I recently learned about FreeBSD's accept_filter
socket option which can allow a worker process to avoid context switching by, for example, waiting until a full HTTP request is received with accf_http
:
This is a filter to be placed on a socket that will be using accept() to receive incoming HTTP connections.
It prevents the application from receiving the connected descriptor via accept() until either a full HTTP/1.0 or HTTP/1.1 HEAD or GET request has been buffered by the kernel.
If something other than a HTTP/1.0 or HTTP/1.1 HEAD or GET request is received the kernel will allow the application to receive the connection descriptor via accept().
The utility of accf_http is such that a server will not have to context switch several times before performing the initial parsing of the request. This effectively reduces the amount of required CPU utilization to handle incoming requests by keeping active processes in preforking servers such as Apache low and reducing the size of the file descriptor set that needs to be managed by interfaces such as select(), poll() or kevent() based servers.

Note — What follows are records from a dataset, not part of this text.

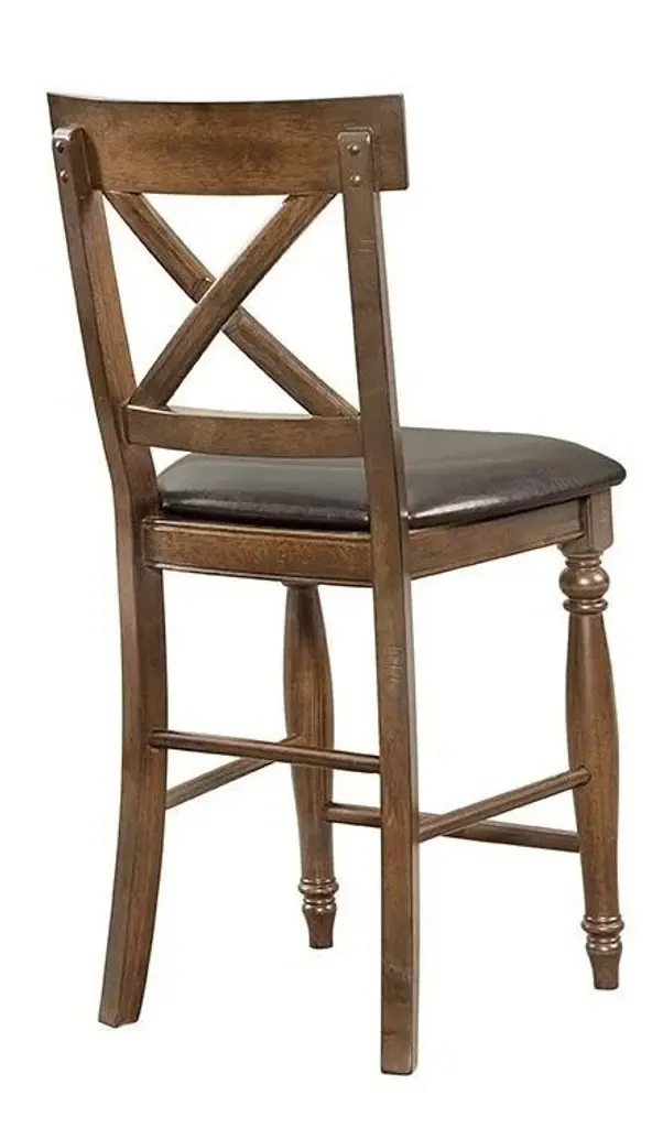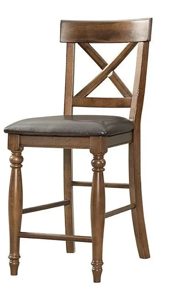 Make your dining or entertaining space complete with help from this bar stool. The piece carries a medium brown finish and features an X-back design as well as an upholstered seat and turned front legs. There will be a lot to like with this counter chair in your home decor.
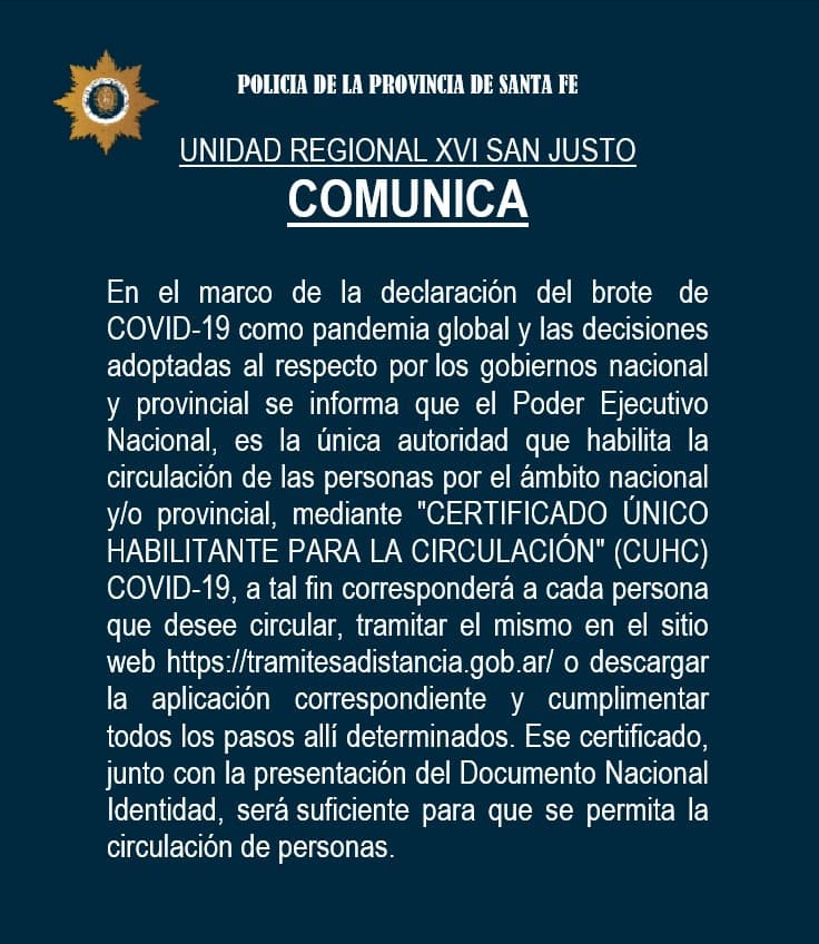 A continuación damos a conocer un comunicado sobre el certificado único habilitante para la circulación. La autoridad para otorgarlo es el Poder Ejecutivo Nacional y el interesado debe ingresar a la página web del organismo (trámites a distancia) -ver galería de fotos-
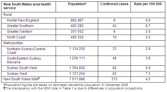 Table 2: Confirmed H1N109 infection rates in the eight New South Wales area health services at the end of the Contain Phase, 17 June 2009
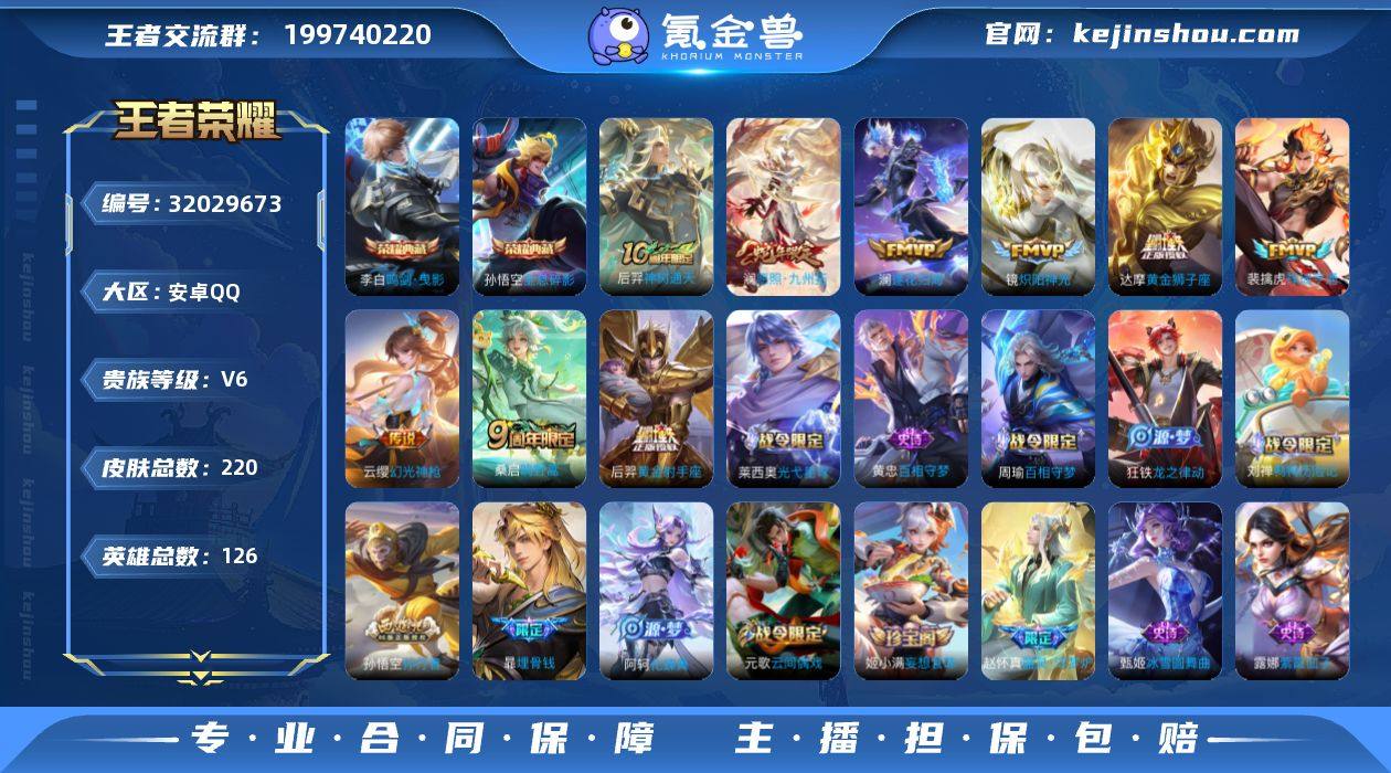 保证金商家 安全第一 找回包赔安卓Q-V6-最强王者段位-126英雄-220皮肤-2典藏皮肤-9传说-49史诗【荣耀典藏】:孙悟空全息碎影,李白鸣剑曳影【传说皮肤】:后羿神树通天,澜愿照九州拓,云缨幻光神枪,裴擒虎祥瑞亨通,桑启鸣野蒿,澜逐花归海,镜炽阳神光,达摩黄金狮子座,后羿黄金射手座【限定皮肤】:暃埋骨钱,蒙犽顽岩魄,蔡文姬夏日便利店,虞姬夏日便利店,姜子牙天穹之誓,杨戬破阵退雄兵,狄仁杰阴阳师,赵云皇家上将,孙尚香蔷薇恋人,元歌云间偶戏,狄仁杰魔术师,狄仁杰万华元夜,项羽海滩派对,老夫子醍醐杖,程咬金演武夺筹,孙悟空孙行者,李元芳银河之约,女娲朔望之晖,雅典娜黎明之约,百里玄策原初追逐者,弈星混沌棋,裴擒虎擒涛扼浪,上官婉儿梁祝,鲁班大师探海日志,阿古朵江河有灵,张良古海寻踪,鬼谷子天穹祈灯,姬小满妄想食味,鲁班七号蔬乡物语,李元芳蔬乡物语,刘邦剑破天穹,程咬金群星魔术团,关羽决胜骁骑,镜青焰无极,项羽苍威无极,刘备异域游侠,周瑜熔金海岸【赛季限定】:狄仁杰万华元夜,老夫子醍醐杖,程咬金演武夺筹,张良古海寻踪,雅典娜黎明之约,百里玄策原初追逐者,弈星混沌棋,裴擒虎擒涛扼浪,鲁班大师探海日志,鬼谷子天穹祈灯,刘邦剑破天穹,姜子牙天穹之誓【战令限定】:蔡文姬夏日便利店,虞姬夏日便利店,元歌云间偶戏,李元芳银河之约,女娲朔望之晖,鲁班七号蔬乡物语,李元芳蔬乡物语,镜青焰无极,项羽苍威无极 【史诗皮肤】:露娜紫霞仙子,赵云皇家上将,赵云未来纪元,甄姬冰雪圆舞曲,王昭君偶像歌手,狄仁杰魔术师,宫本武藏鬼剑武藏,孙尚香蔷薇恋人,孙尚香水果甜心,嬴政摇滚巨星,妲己魅力维加斯,妲己女仆咖啡,李白千年之狐,张飞乱世虎臣,小乔缤纷独角兽,兰陵王暗隐猎兽者,诸葛亮黄金分割率,铠曙光守护者,李元芳逐浪之夏,孙策猫...
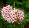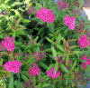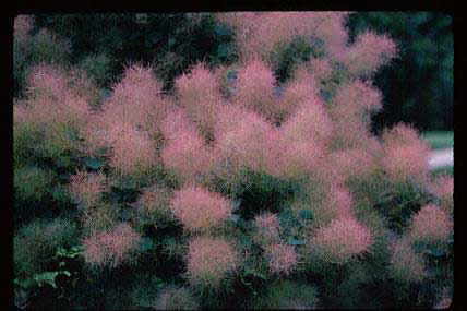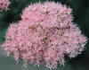 flowers on a compact shrub in late summer. Seed clusters resemble
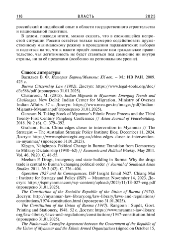 6. 	Kipgen, Nehginpao. Political Change in Burma: Transition from Democracy to Military Dictatorship (1948-62) // Economic and Political Weekly. May 2011. Vol. 46, №20. С. 48-55.
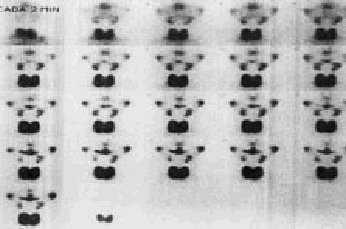 Grado I (normal). Se comprueba rápida captación del trazador por las glándulas salivales en los primeros 10 min, con concentración progresiva y excreción a la ca vidad oral a los 20-30 min. Al final de la prueba la actividad en la boca es mayor que en las glándulas salivales (fig. 4).
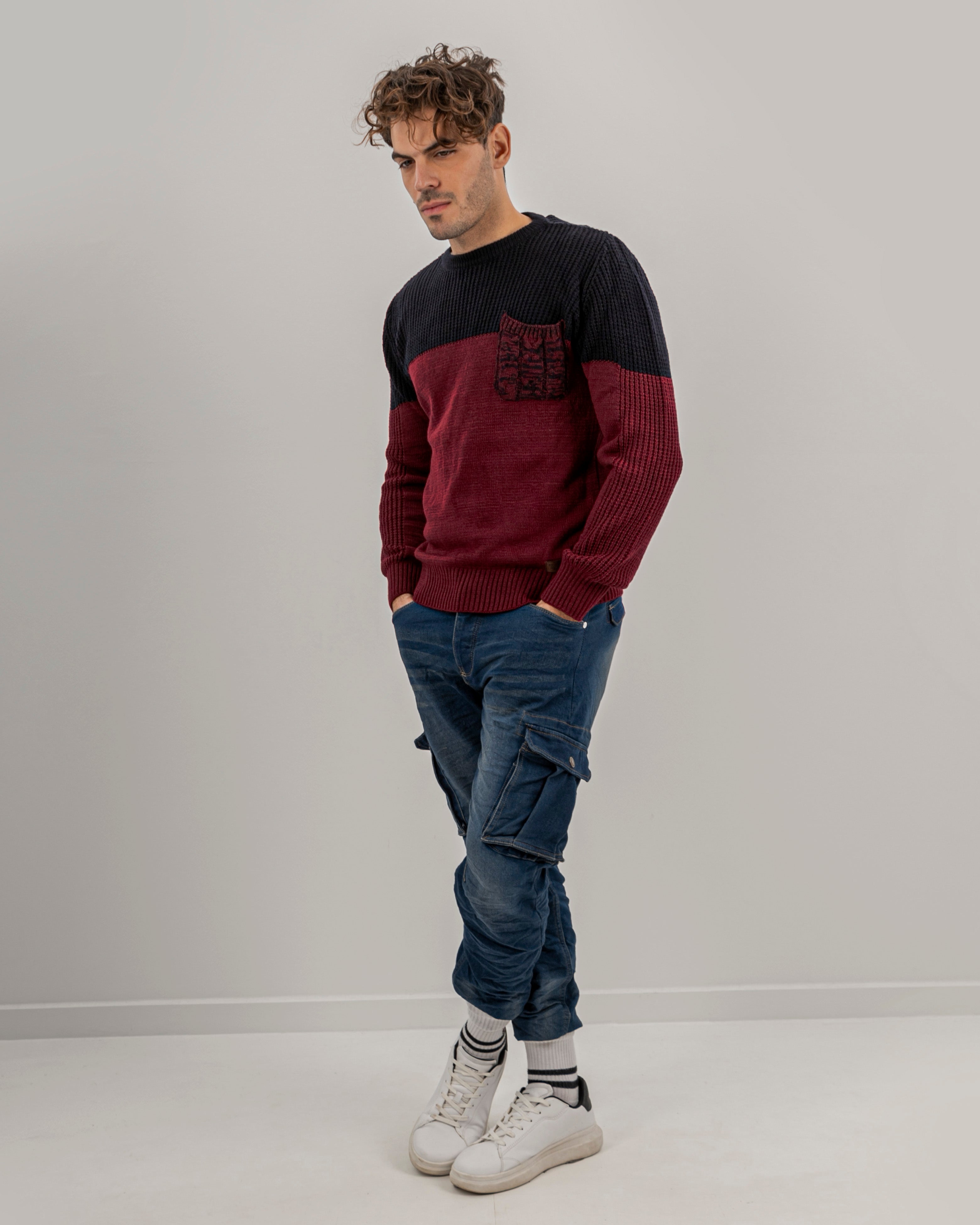 Ανδρικό πουλόβερ δίχρωμο RGAR-(c.572) -BORDEAUX-NAVY

My gut feeling is that on modern hardware, serving traffic to clients on high-speed connections (cable modem/DSL speeds or better) this may be a micro-optimization. Given that accf_http
can't be used for HTTPS or HTTP/2 connections and accf_data
just waits for the first byte, I don't see much advantage here. Maybe they'd save one or two context switches?
Are there any recent (post-2015 maybe?) benchmarks about how much FreeBSD's accept_filter
can actually improve performance or throughput/concurrency?